With camouflage netting draping the stage, the Manics continued the military images used when the album was first released with drummer Sean Moore wearing camouflage, bassist Nicky Wire sporting a military jacket while lead singer/guitarist James Dean Bradfield wore what looked like a Royal Navy windbreaker. That was the only sign of order as Wire threw shapes, Bradfield sang from somewhere between his toes and his gut and the crowd frenetically sang along giving Bradfield plenty of time to drop out and let them have a go. “You all sound f@ck!ng brilliant” Bradfield admired as he and the band seemed to be astonished at the crowd’s reaction. With the warm welcome loosening up the band, Bradfield was able to joke “I still can’t remember what f@ck!ng order these songs are in” after a false start on a song.

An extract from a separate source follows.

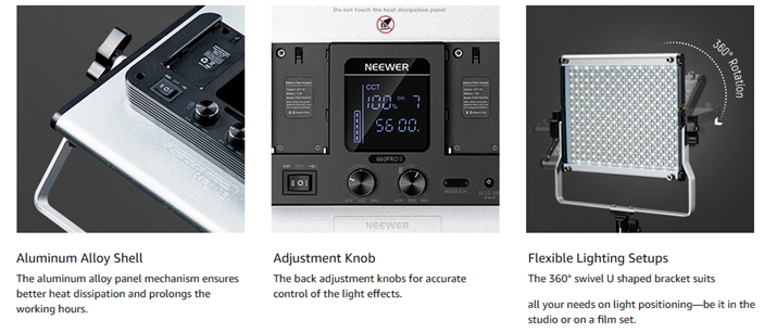 • 【Upgraded Precise Dimmable Versatile RGB Light】With upgraded cooling and light control system (constant 50W lighting, no flicker or color shift), the 660 PRO II RGB breaks the minimum brightness limit from 1% slight bright (brightness and power can reach a true 1%) to 100% ultra bright, as well as 3200K-5600K color temperature and 360° full RGB range, all ensuring smooth and precise adjustment. Power and brightness remain consistent when adjusting hue/color temperature
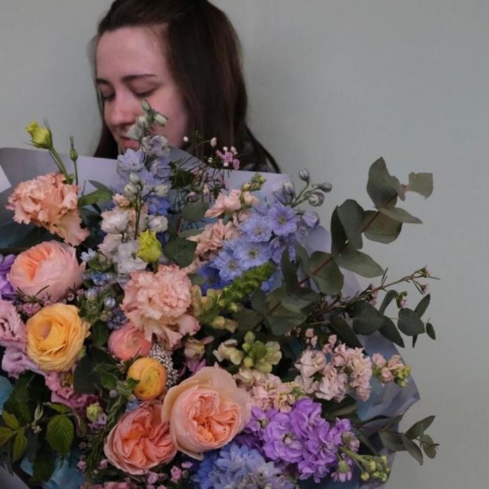 Роза пионовидная – 5 шт.Ранункулюс – 5 шт.Дельфиниум – 5 шт.Маттиола – 3 шт.Эустома – 3 шт.Ваксфлауэр – 2 шт.Озотамнус – 2 шт.Эвкалипт – 5 шт.Львиный зев – 3 шт.Упаковка – 1 шт.

“Faster,” the biggest and best song on The Holy Bible, lived up to its name and the band ripped through the song, travelling at rock’s version of warp speed. The only lull in the show came during “The Intense Humming of Evil” (to give you an idea of how dark this song is, it samples dialogue from the Nuremberg Trials), causing Wire to note “We sometimes forget how f@ck!ng grim that song is.” Before wrapping up the set with “P.C.P.,” Wire couldn’t help but discuss the elephant in the room; while this is the 20th anniversary of The Holy Bible, it’s also the 20th anniversary of the disappearance of Manics’ rhythm guitarist Richey Edwards. The Holy Bible was the last album recorded with Edwards (with Edwards writing a good portion of the lyrics), so it was only appropriate that the Manics dedicate the last song to Edwards, noting his contribution to the band and stating “This one’s for you.”

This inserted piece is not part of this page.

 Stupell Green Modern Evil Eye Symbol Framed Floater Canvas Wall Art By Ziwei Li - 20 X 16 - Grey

Once the catharsis of The Holy Bible was over (and after a quick change from Wire who changed into a jacket sporting varied iconic logos including those of the Sex Pistols and Star Wars), the Manics were able to really open up and stretch their musical legs, breaking into crowd favorites including “Motorcycle Emptiness” and “You Stole the Sun From My Heart.” With the latter, Bradfield seemed to have renewed energy as he ordered the crowd to “Jump!” and in turn, followed his own command.
Closing with “A Design For Life” (which, let’s face it, had the Manics not played, the audience would have tarred and feathered them), a song that showed the Manics there could possibly be life after the loss of Richey Edwards, Bradfield joined the audience in belting out the lyrics, bringing the first night of their new tour to a fiery and triumphant end.
Of Walking Abortion
She Is Suffering
Archives of Pain
This Is Yesterday
Die in the Summertime
The Intense Humming of Evil
Small Black Flowers That Grow in the Sky (Acoustic)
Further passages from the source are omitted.